**Assignment:** Set down every entry exactly as given. Pictures are to be left out.

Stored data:
********
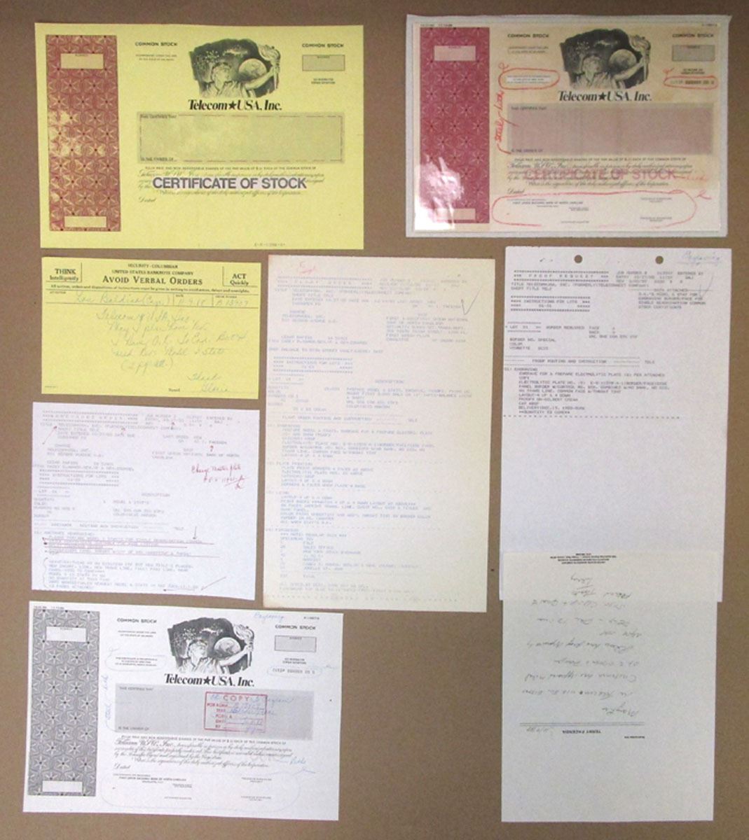 Delaware, 1988. Production file from Security-Columbian United States Banknote Co. Archives. File includes order forms, mock ups, and more, VF to CU condition. (8). Telecom USA, Inc. was a telecommunications company that operated primarily in the United States. It was known for providing long-distance telephone services to residential and business customers. Telecom USA was founded in the 1980s and was a significant player in the telecom industry during the 1990s. However, in the early 2000s, it faced financial difficulties and eventually filed for bankruptcy in 2002.
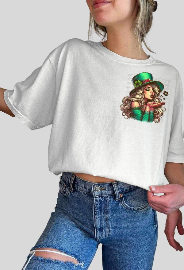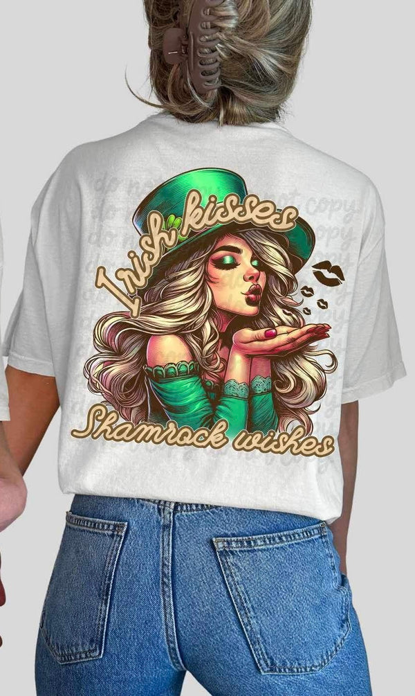 Irish kisses shamrock wishes girl in green outfit 19475 DTF Transfer
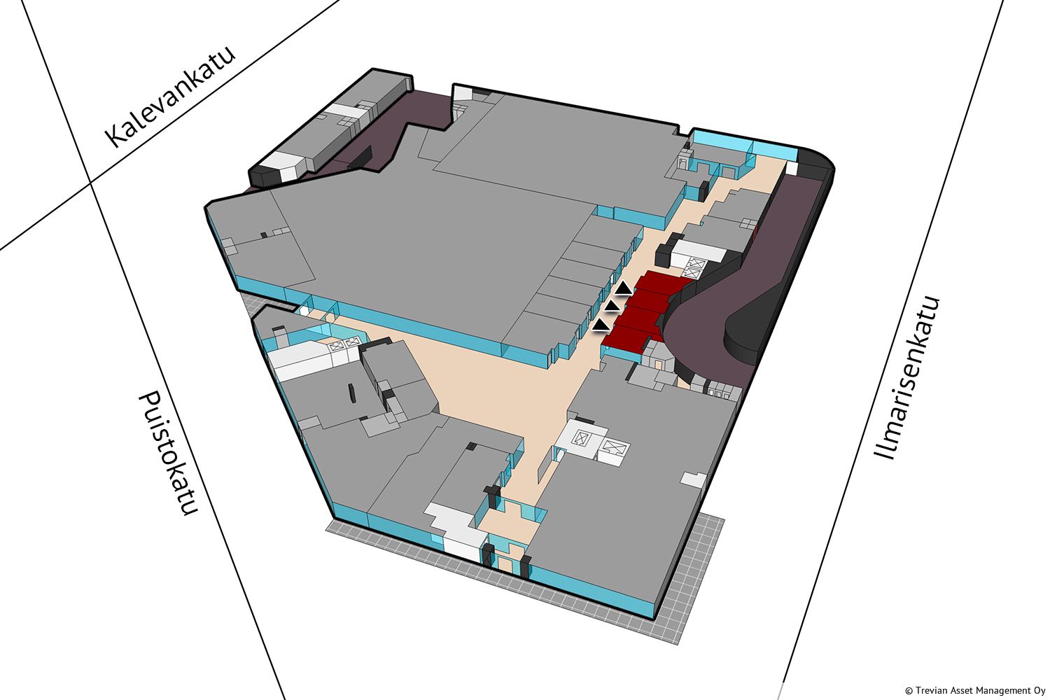 Vuokrataan liiketila kauppakeskus Kolmikulmassa Jyväskylän keskustassa. Tila sijaitsee kauppakeskuksen kauppakäytävällä. Tila on mahdollista jakaa kahdeksi 52m² kokoiseksi tilaksi.
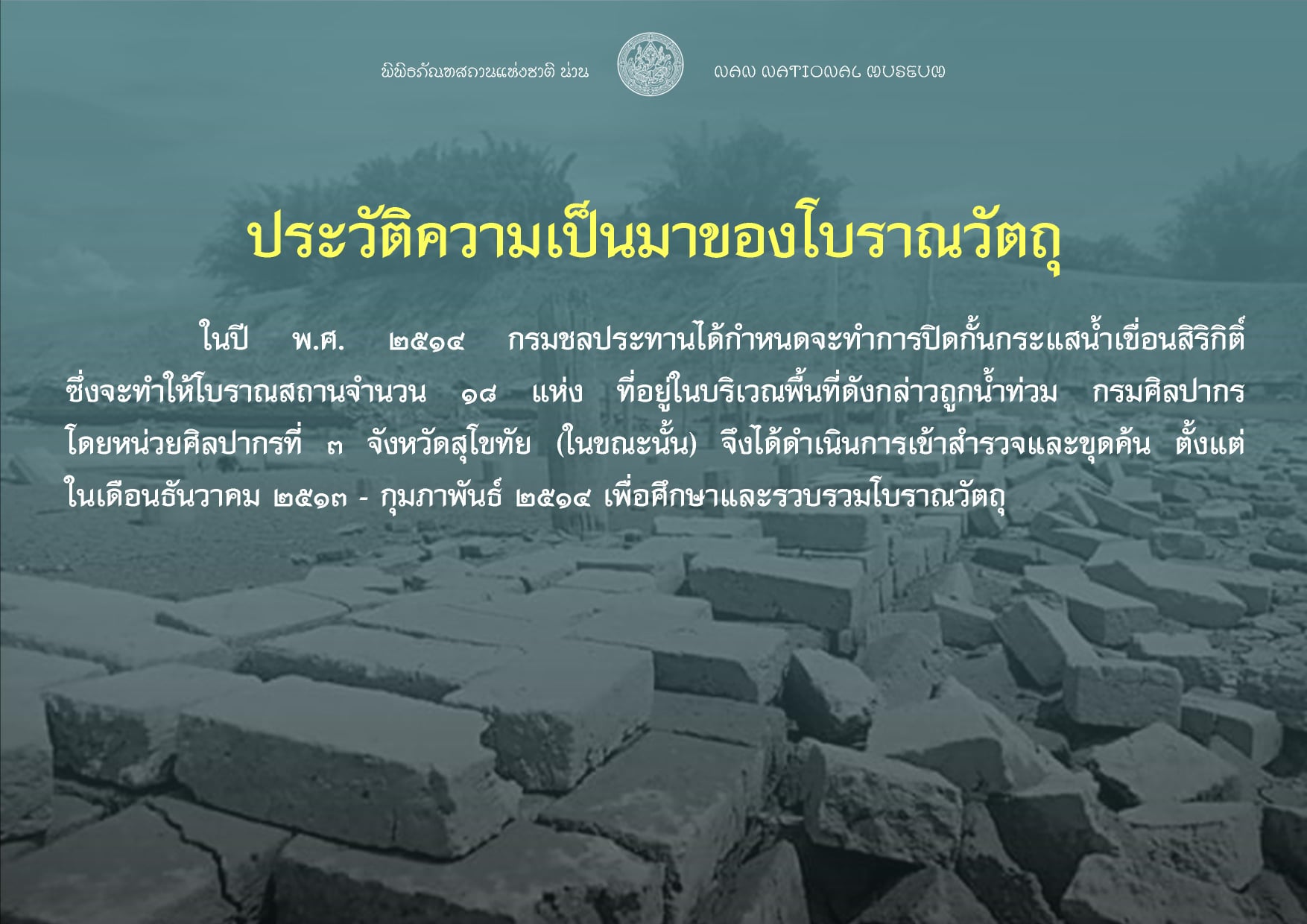 --- ในปี พ.ศ. ๒๕๑๔ กรมชลประทานได้กำหนดจะทำการปิดกั้นกระแสน้ำเขื่อนสิริกิติ์ ซึ่งจะทำให้โบราณสถานจำนวน ๑๘ แห่ง ที่อยู่ในบริเวณพื้นที่ดังกล่าวถูกน้ำท่วม กรมศิลปากร โดยหน่วยศิลปากรที่ ๓ จังหวัดสุโขทัย (ในขณะนั้น) จึงได้ดำเนินการเข้าสำรวจและขุดค้น ตั้งแต่ ในเดือนธันวาคม ๒๕๑๓ - กุมภาพันธ์ ๒๕๑๔ เพื่อศึกษาและรวบรวมโบราณวัตถุ
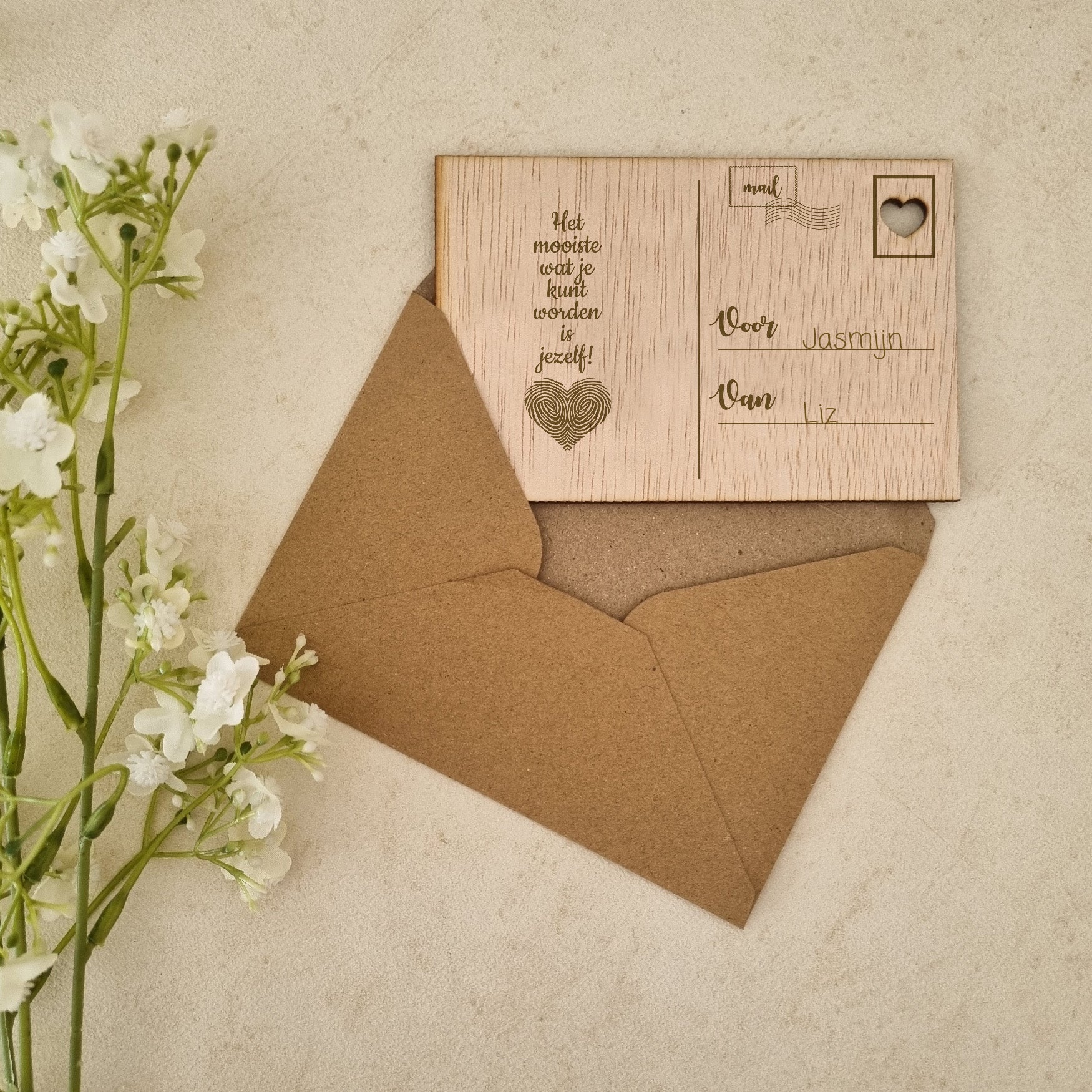 Vier de speciale dag van je dierbare met onze betoverende houten verjaardagskaart, met zorg vervaardigd uit hoogwaardig, duurzaam hout voor een uniek en blijvend geschenk. De natuurlijke schoonheid van het hout gecombineerd met verfijnde gravures en een persoonlijke boodschap creëert een onvergetelijke kaart die de ontvanger zal koesteren als een waardevolle herinnering aan hun bijzondere dag.
********
**Output:**
 Delaware, 1988. Production file from Security-Columbian United States Banknote Co. Archives. File includes order forms, mock ups, and more, VF to CU condition. (8). Telecom USA, Inc. was a telecommunications company that operated primarily in the United States. It was known for providing long-distance telephone services to residential and business customers. Telecom USA was founded in the 1980s and was a significant player in the telecom industry during the 1990s. However, in the early 2000s, it faced financial difficulties and eventually filed for bankruptcy in 2002.
 Irish kisses shamrock wishes girl in green outfit 19475 DTF Transfer
 Vuokrataan liiketila kauppakeskus Kolmikulmassa Jyväskylän keskustassa. Tila sijaitsee kauppakeskuksen kauppakäytävällä. Tila on mahdollista jakaa kahdeksi 52m² kokoiseksi tilaksi.
 --- ในปี พ.ศ. ๒๕๑๔ กรมชลประทานได้กำหนดจะทำการปิดกั้นกระแสน้ำเขื่อนสิริกิติ์ ซึ่งจะทำให้โบราณสถานจำนวน ๑๘ แห่ง ที่อยู่ในบริเวณพื้นที่ดังกล่าวถูกน้ำท่วม กรมศิลปากร โดยหน่วยศิลปากรที่ ๓ จังหวัดสุโขทัย (ในขณะนั้น) จึงได้ดำเนินการเข้าสำรวจและขุดค้น ตั้งแต่ ในเดือนธันวาคม ๒๕๑๓ - กุมภาพันธ์ ๒๕๑๔ เพื่อศึกษาและรวบรวมโบราณวัตถุ
 Vier de speciale dag van je dierbare met onze betoverende houten verjaardagskaart, met zorg vervaardigd uit hoogwaardig, duurzaam hout voor een uniek en blijvend geschenk. De natuurlijke schoonheid van het hout gecombineerd met verfijnde gravures en een persoonlijke boodschap creëert een onvergetelijke kaart die de ontvanger zal koesteren als een waardevolle herinnering aan hun bijzondere dag.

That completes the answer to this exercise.